Restate, exactly as written, the entries below from the line that holds "2023年世界新能源乘用车走" through the line that holds "- Pečená husí". Pictures are not part of the copy.

# RECORDS SUPPLIED:
--------

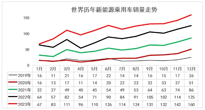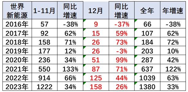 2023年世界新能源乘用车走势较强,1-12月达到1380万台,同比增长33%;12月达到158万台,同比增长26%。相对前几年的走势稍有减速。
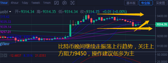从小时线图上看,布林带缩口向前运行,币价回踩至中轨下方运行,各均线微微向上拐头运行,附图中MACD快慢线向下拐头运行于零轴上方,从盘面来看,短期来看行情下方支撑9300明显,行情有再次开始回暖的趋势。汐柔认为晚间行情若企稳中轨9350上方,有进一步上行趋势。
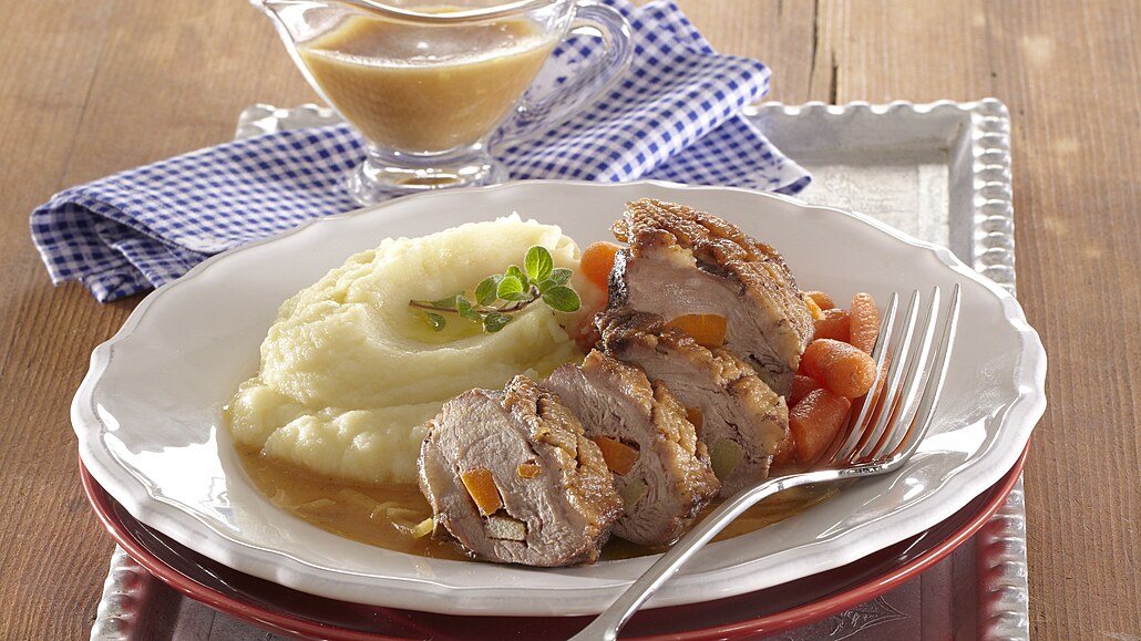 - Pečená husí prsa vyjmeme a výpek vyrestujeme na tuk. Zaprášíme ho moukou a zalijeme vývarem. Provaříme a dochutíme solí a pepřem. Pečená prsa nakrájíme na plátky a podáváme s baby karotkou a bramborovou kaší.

--------

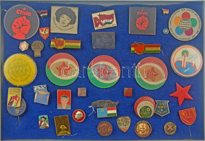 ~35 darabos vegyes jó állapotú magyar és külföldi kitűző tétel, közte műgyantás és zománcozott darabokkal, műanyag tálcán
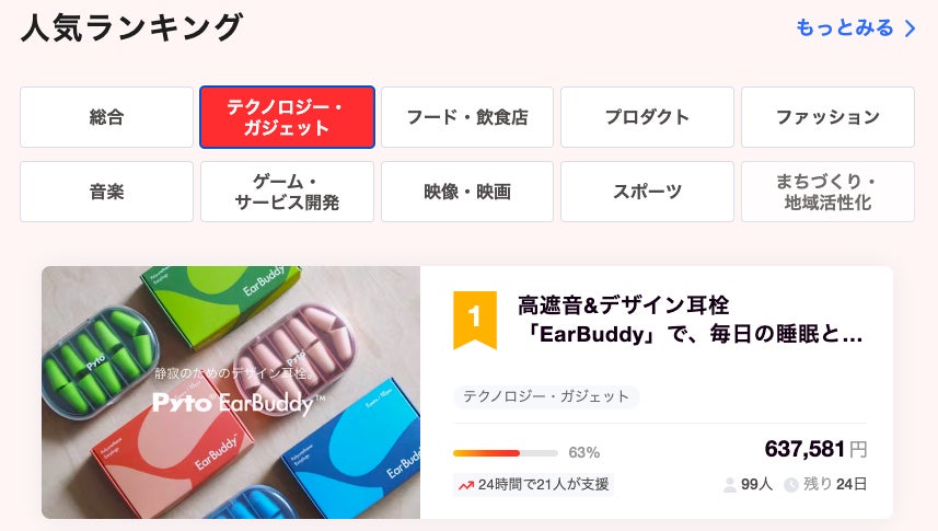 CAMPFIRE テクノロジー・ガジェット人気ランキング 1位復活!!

--------

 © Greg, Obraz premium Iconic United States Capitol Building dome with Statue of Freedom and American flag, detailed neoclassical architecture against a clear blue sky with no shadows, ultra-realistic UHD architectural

--------

# TASK RESPONSE:
 2023年世界新能源乘用车走势较强,1-12月达到1380万台,同比增长33%;12月达到158万台,同比增长26%。相对前几年的走势稍有减速。
从小时线图上看,布林带缩口向前运行,币价回踩至中轨下方运行,各均线微微向上拐头运行,附图中MACD快慢线向下拐头运行于零轴上方,从盘面来看,短期来看行情下方支撑9300明显,行情有再次开始回暖的趋势。汐柔认为晚间行情若企稳中轨9350上方,有进一步上行趋势。
 - Pečená husí prsa vyjmeme a výpek vyrestujeme na tuk. Zaprášíme ho moukou a zalijeme vývarem. Provaříme a dochutíme solí a pepřem. Pečená prsa nakrájíme na plátky a podáváme s baby karotkou a bramborovou kaší.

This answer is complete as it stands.